Segment Open
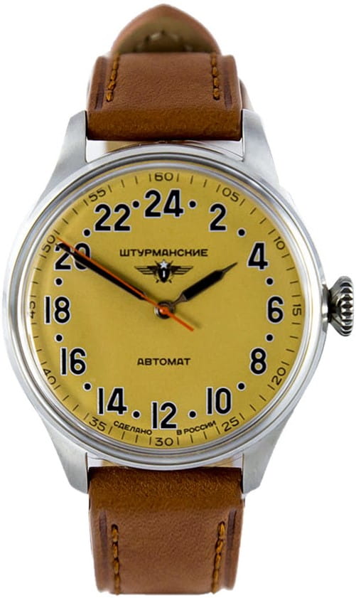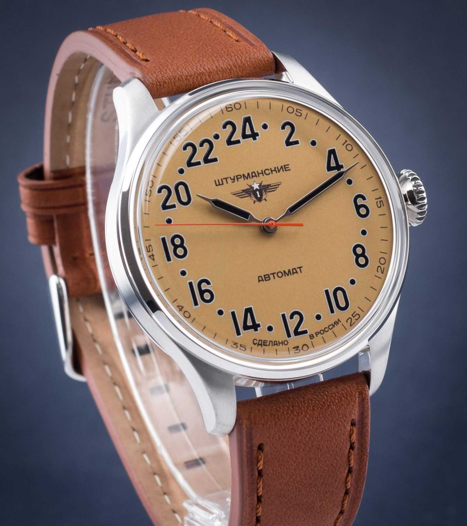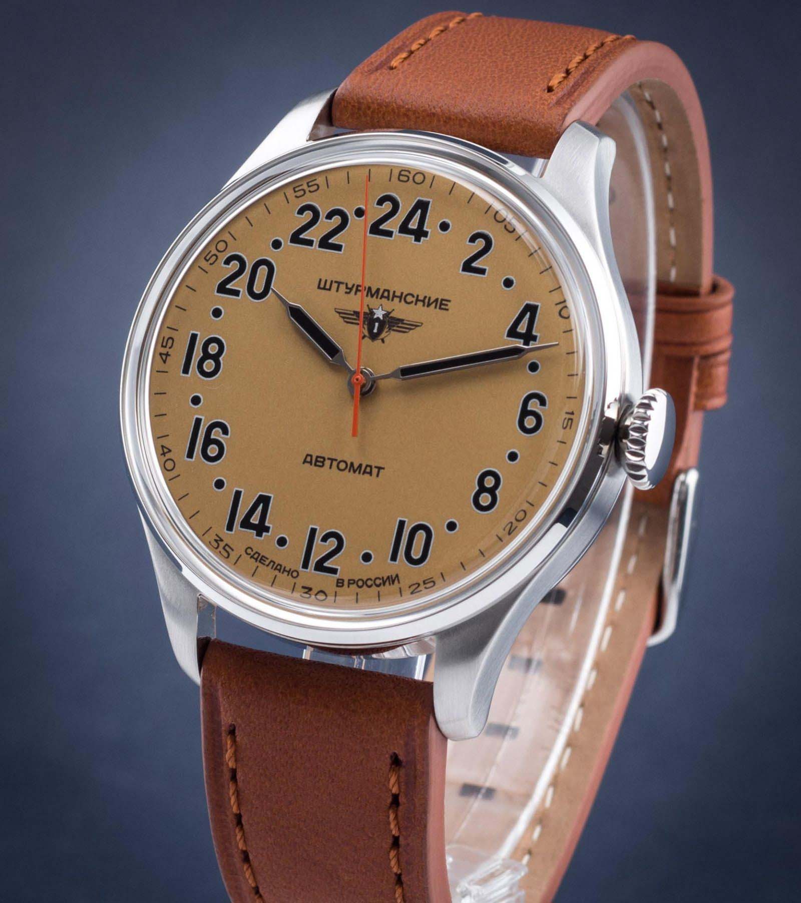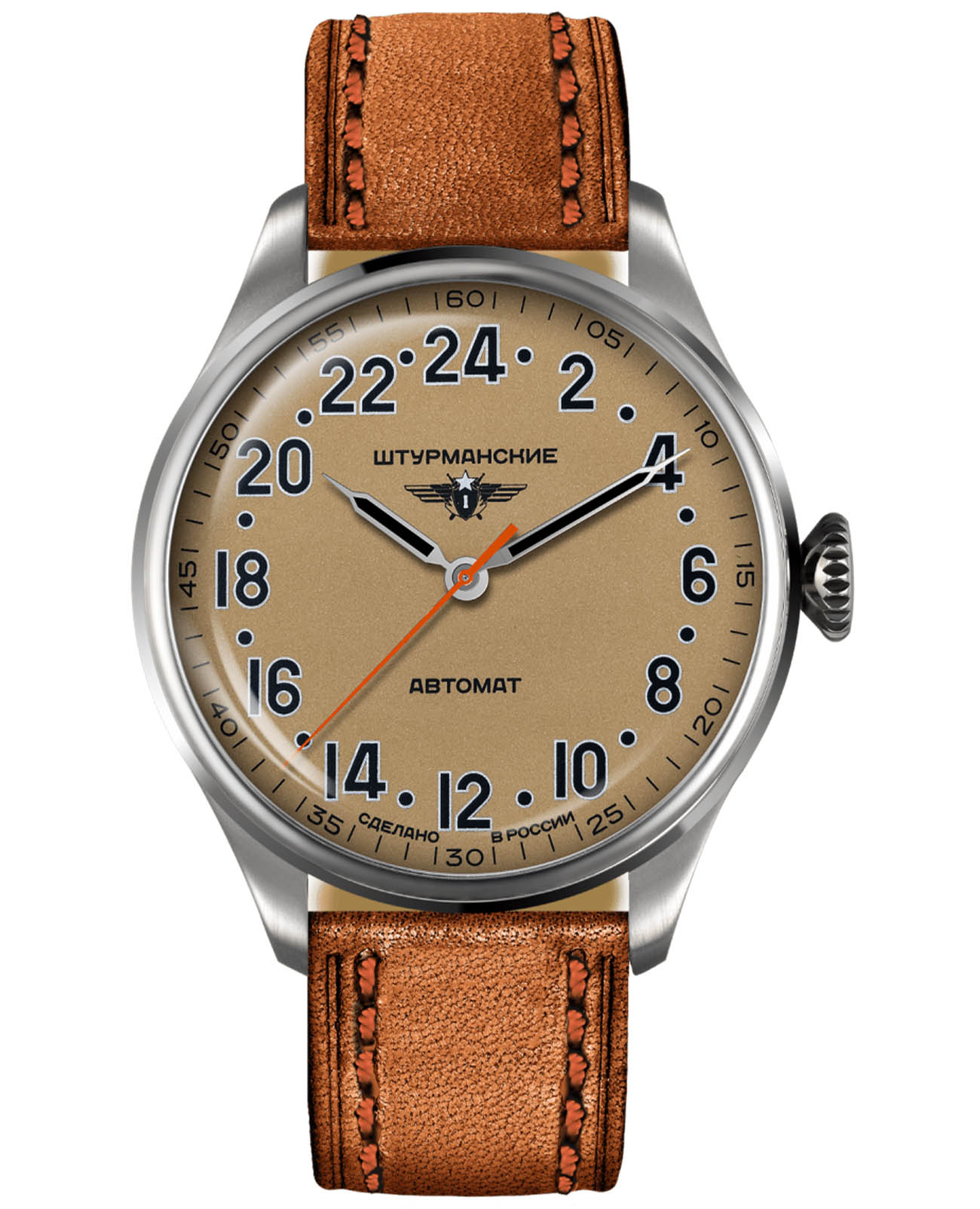 Штурманские мужские российские механические часы Штурманские Наследие Арктика 2431/6821344, механический механизм (автоматический калибр) с высокой точностью. Класс водозащиты: 30 метров, позволит защитить корпус от случайных брызг или капель дождя. Корпус часов изготовлен из стали. Кожаный ремешок на стандартной застёжке. В механизме 32 камня. Запас хода 31 час. Возможность ручного завода. 24-часовой формат отображения времени, часовая стрелка делает один оборот за сутки. Стрелки и метки с люминесцентным покрытиемЛюминесцентное покрытиеПозволяет считывать показания времени в темноте. Производители наносят на стрелки, часовые индексы, безель или поверхность циферблата светонакопительный состав, дающий холодное свечение..
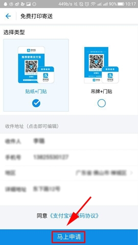 支付宝收钱码贴纸怎么申请
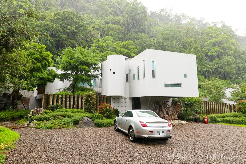 山雨欲來的雷陣雨是夏季午後的主旋律,穿越礁溪山林間的道路,雨滴伴隨雷聲轟然到來,雨點朦朧的視線中,我們在找尋名為有朋會館的山中秘境,車行一陣之後,在美麗的綠色隧道旁,看到有朋會館四個字,車子一開入,管家已在門口迎接我們
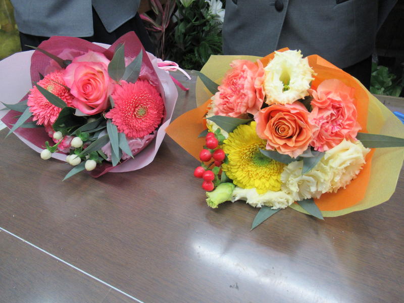 提供していただいた花材で、最初のフラワーアレンジメント学習を行いました。農業普及振興課に感謝です。
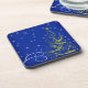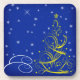 Linda cena de árvore de Natal azul, disparada por flocos de neve. Presente perfeito para o inverno.
Segment Closed
**ACTIVITY**
Set down the line containing "支付宝收钱码贴纸怎么申请" and every line after it up to the end of the material, exactly as written, but not the pictures.

**SOLVED PROBLEM**
 支付宝收钱码贴纸怎么申请
 山雨欲來的雷陣雨是夏季午後的主旋律,穿越礁溪山林間的道路,雨滴伴隨雷聲轟然到來,雨點朦朧的視線中,我們在找尋名為有朋會館的山中秘境,車行一陣之後,在美麗的綠色隧道旁,看到有朋會館四個字,車子一開入,管家已在門口迎接我們
 提供していただいた花材で、最初のフラワーアレンジメント学習を行いました。農業普及振興課に感謝です。
 Linda cena de árvore de Natal azul, disparada por flocos de neve. Presente perfeito para o inverno.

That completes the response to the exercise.